TicTac: Accelerating Distributed Deep Learning with Communication Scheduling (1803.03288v2)

Published 8 Mar 2018 in cs.DC, cs.LG, and cs.PF

Abstract: State-of-the-art deep learning systems rely on iterative distributed training to tackle the increasing complexity of models and input data. The iteration time in these communication-heavy systems depends on the computation time, communication time and the extent of overlap of computation and communication. In this work, we identify a shortcoming in systems with graph representation for computation, such as TensorFlow and PyTorch, that result in high variance in iteration time --- random order of received parameters across workers. We develop a system, TicTac, to improve the iteration time by fixing this issue in distributed deep learning with Parameter Servers while guaranteeing near-optimal overlap of communication and computation. TicTac identifies and enforces an order of network transfers which improves the iteration time using prioritization. Our system is implemented over TensorFlow and requires no changes to the model or developer inputs. TicTac improves the throughput by up to $37.7\%$ in inference and $19.2\%$ in training, while also reducing straggler effect by up to $2.3\times$. Our code is publicly available.

Citations (184)

View on Semantic Scholar

Summary

The paper introduces TicTac, a communication scheduling framework addressing performance challenges in distributed deep learning systems by optimizing computation-communication overlap.
TicTac proposes resource-aware scheduling using TIC and TAC heuristics, demonstrating up to 37.7% throughput improvement and a 2.3 times reduction in straggler effect.
This approach improves efficiency and reduces training times for large-scale AI workloads, offering significant practical benefits in cloud computing environments.

An Insightful Overview of "TicTac: Accelerating Distributed Deep Learning with Communication Scheduling"

The paper "TicTac: Accelerating Distributed Deep Learning with Communication Scheduling" by Hashemi et al. addresses the performance challenges of distributed deep learning systems by introducing a communication scheduling framework called TicTac. As the size and complexity of deep learning models continue to grow, efficient distributed training becomes crucial. The work's contribution lies in improving the iteration times of such systems by optimizing the overlap of computation and communication processes, which are typically represented using computational graphs in platforms like TensorFlow and PyTorch.

Core Contributions

The paper identifies the inherent inefficiency in current deep learning systems' scheduling of parameter transfers, which can lead to high variability in iteration times. This variability is primarily due to the arbitrary order of received parameters across workers, a challenge not adequately addressed by existing solutions, especially in modern systems with Directed Acyclic Graphs (DAG) representations.

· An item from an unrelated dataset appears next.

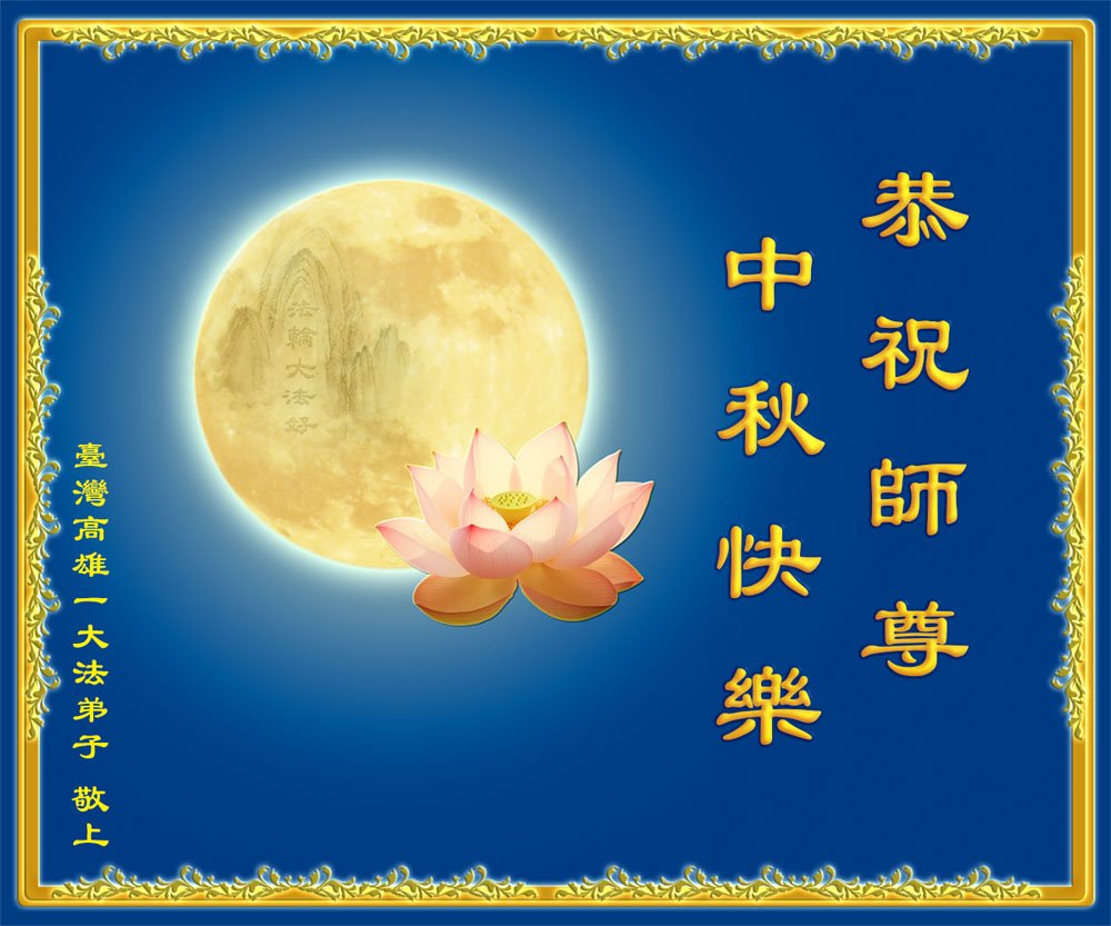 恭祝师父中秋节快乐! 中秋月圆家家欢,恭祝恩师笑开颜。 您为弟子承巨难,时时看护在身边。 弟子感恩无言表,唯有精進迎师还。 台湾高雄南区全体大法弟子敬上 台湾桃园市内坜一学员恭祝师尊中秋快乐!

TicTac makes the following key contributions:

Performance Optimization in DAG-Based Systems: The paper establishes the inefficiency of random parameter transfer ordering in DAG-based systems and proposes a resource-aware scheduling solution.
Scheduling Efficiency Metric: It introduces a novel metric to evaluate the scheduling efficiency, allowing for quantitative comparison of different schedules.
Heuristic Algorithms for Scheduling: The development of two heuristics—TIC (Timing-Independent Communication Scheduling) and TAC (Timing-Aware Communication Scheduling)—provides near-optimal schedules for parameter transfers that enhance computation-communication overlap.
Implementation and Evaluation: The authors implement TicTac over TensorFlow, demonstrating its capability to improve throughput by up to 37.7% in inference and 19.2% in training in the environments tested.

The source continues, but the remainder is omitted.